これは、空を好きな人の、小さな答えの話です。

 函館ダイバートから、一週間が経った。


 蒼空はいつも通りの日常に戻っていた。

 通勤、仕事、バランス栄養食、帰宅。

 スーパーで見切り品を漁って、芋ジャージに着替えて、PCを開く。


 でも、少し違うことがあった。


 フライトプランのファイルを開くと、先週のルートが記録されていた。

 羽田→函館ダイバート→新千歳→ホテル泊。


 予定にないルートだった。

 でも、そこにある。


 蒼空はそれを見るたびに、少し思い出した。

 函館の晴れた空。

 夕暮れの函館山。

 新千歳の雪。

 朝のジンギスカン。


 全部、JSNで飛んだから起きたことだ。


     * * *


 昼休み、スマートフォムを開いた。


 JSNのアプリを立ち上げる。

 マイレージサービスを確認する。


 先週のフライトのFCが、積算されていた。

 函館ダイバートの分も、ちゃんと入っていた。


 蒼空はその数字を見た。


 飛んだ証だ。


 ダイバートしても、一番長く待たされても、乗り継ぎ便に乗れなくても。

 飛んだ分だけ、FCが積まれる。

 それは変わらない。


     * * *


 蒼空は、JSNのことを考えた。


 空港での扱いは、NALやAOAより弱い。

 ダイバート時は、最後に飛ぶ。

 函館でも、一番長く待たされた。


 それは事実だ。


 でも、蒼空はJSNが好きだった。


 なぜか、と問われたら、うまく答えられない。

 理由を言葉にしたことがない。

 言葉にする必要がなかった。


 ただ、好きだ。

 それだけだ。


     * * *


 でも、今日は少し考えてみた。


 なぜ、JSNが好きなのか。


 NALは美しい会社だ。

 所作が美しくて、制服が端正で、空港での扱いも最優先だ。

 ダイバート時も、最初に飛ぶ。


 AOAは安定している。

 間違いのない選択だ。

 どこへ行っても、確かにある。


 でもJSNは違う。


 小さい。

 空港での扱いは弱い。

 ダイバート時は最後だ。

 地方路線に強いけど、大型機は少ない。


 それでも。


 CAさんの距離感が近い。

 宮古の往復で同じクルーに会ったとき、「またお会いしましたね」と言ってくれた。

 コーヒーの注文を覚えていてくれた。

 函館でも、スタッフが丁寧に頭を下げた。


 温度がある。


 それが、蒼空の言葉にできなかった「好き」の理由だったかもしれない。


     * * *


 夜、PCを開いた。


 次の修行のフライトプランを組み始めた。


 もちろん、JSNだ。


 指がキーボードの上を走る。


「……奄美か、鹿児島経由か、奄美のほうが、でも鹿児島で乗り継いだほうがFC多くなるか、どっちだ、」


 独り言が漏れた。

 誰も聞いていない。
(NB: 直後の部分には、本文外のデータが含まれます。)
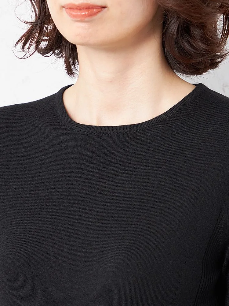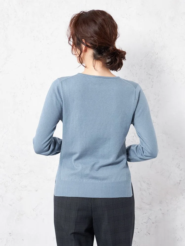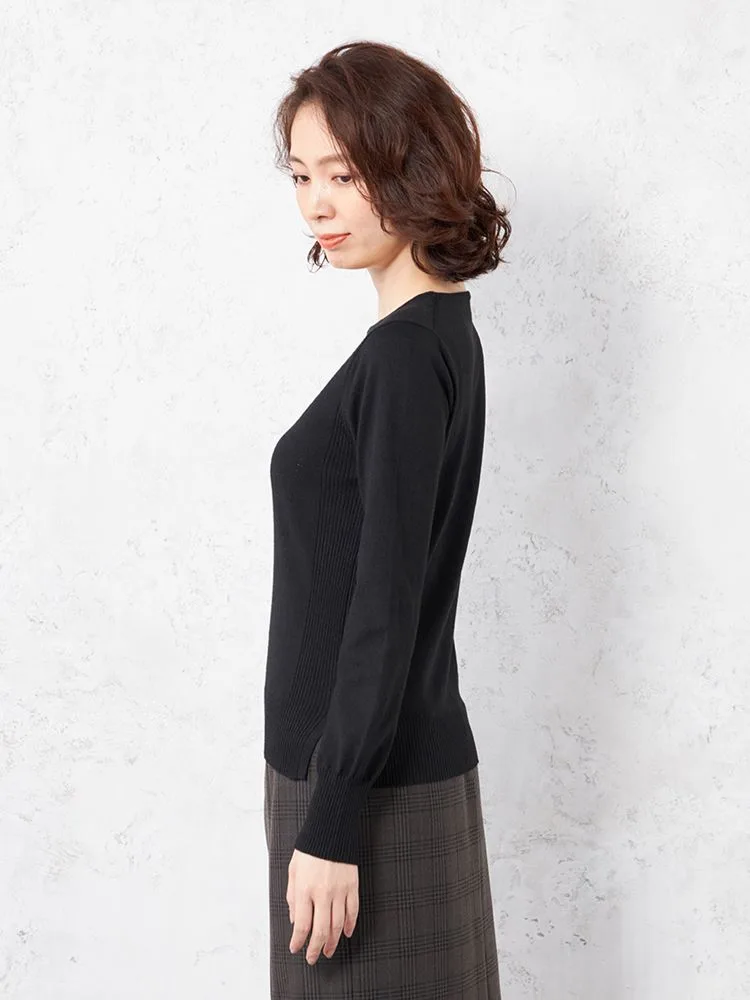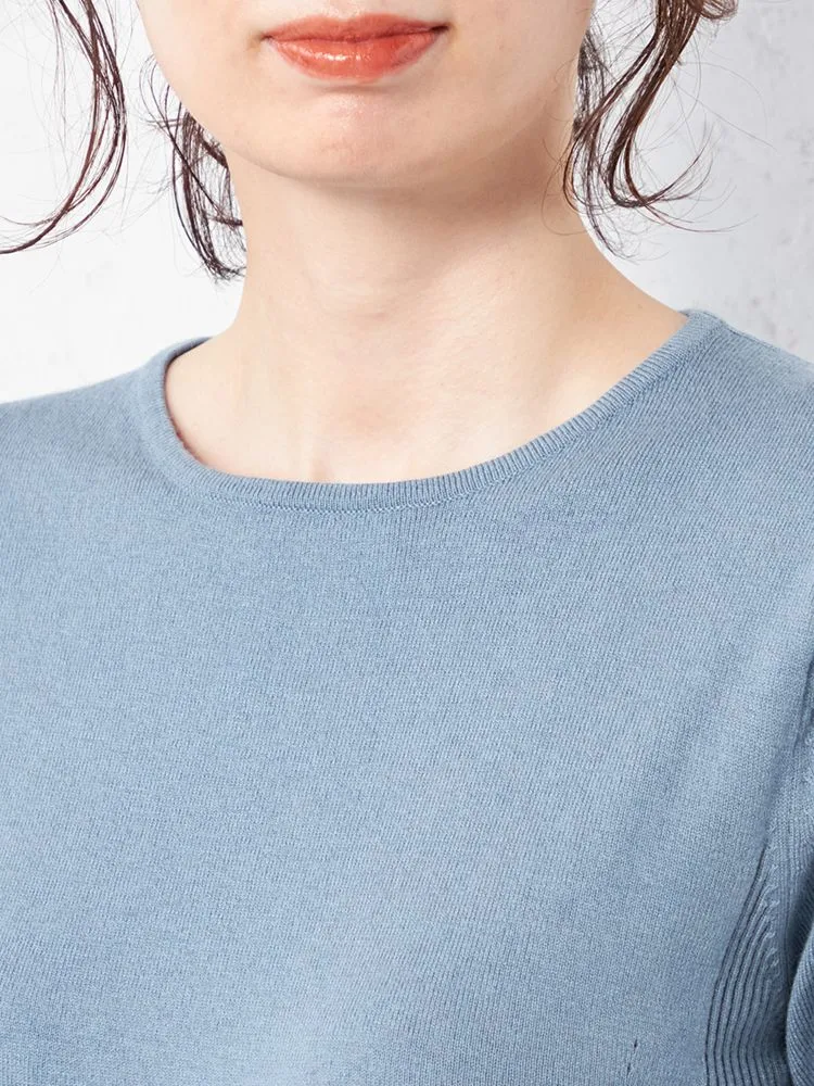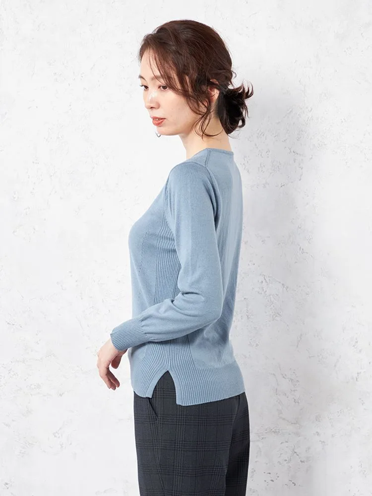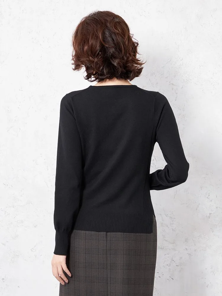 【アンチピリング&静電気対策】ニット長袖クルーネック袖パールウォッシャブル無地SOFFICE秋冬【レディース】

聞いていなくていい。


 タブが増えていく。

 目が、少しずつ変わっていく。


 ダイバートしても。

 一番長く待たされても。

 乗り継ぎ便に乗れなくても。


 また、JSNで飛ぶ。


 それが蒼空の答えだった。

 言葉にしなくても、行動が全部語っていた。

飛ぶ理由は、人それぞれ違う。

でも「また飛びたい」と思えた時点で、もう答えは出ているのかもしれません。

読んでくださって、ありがとうございました。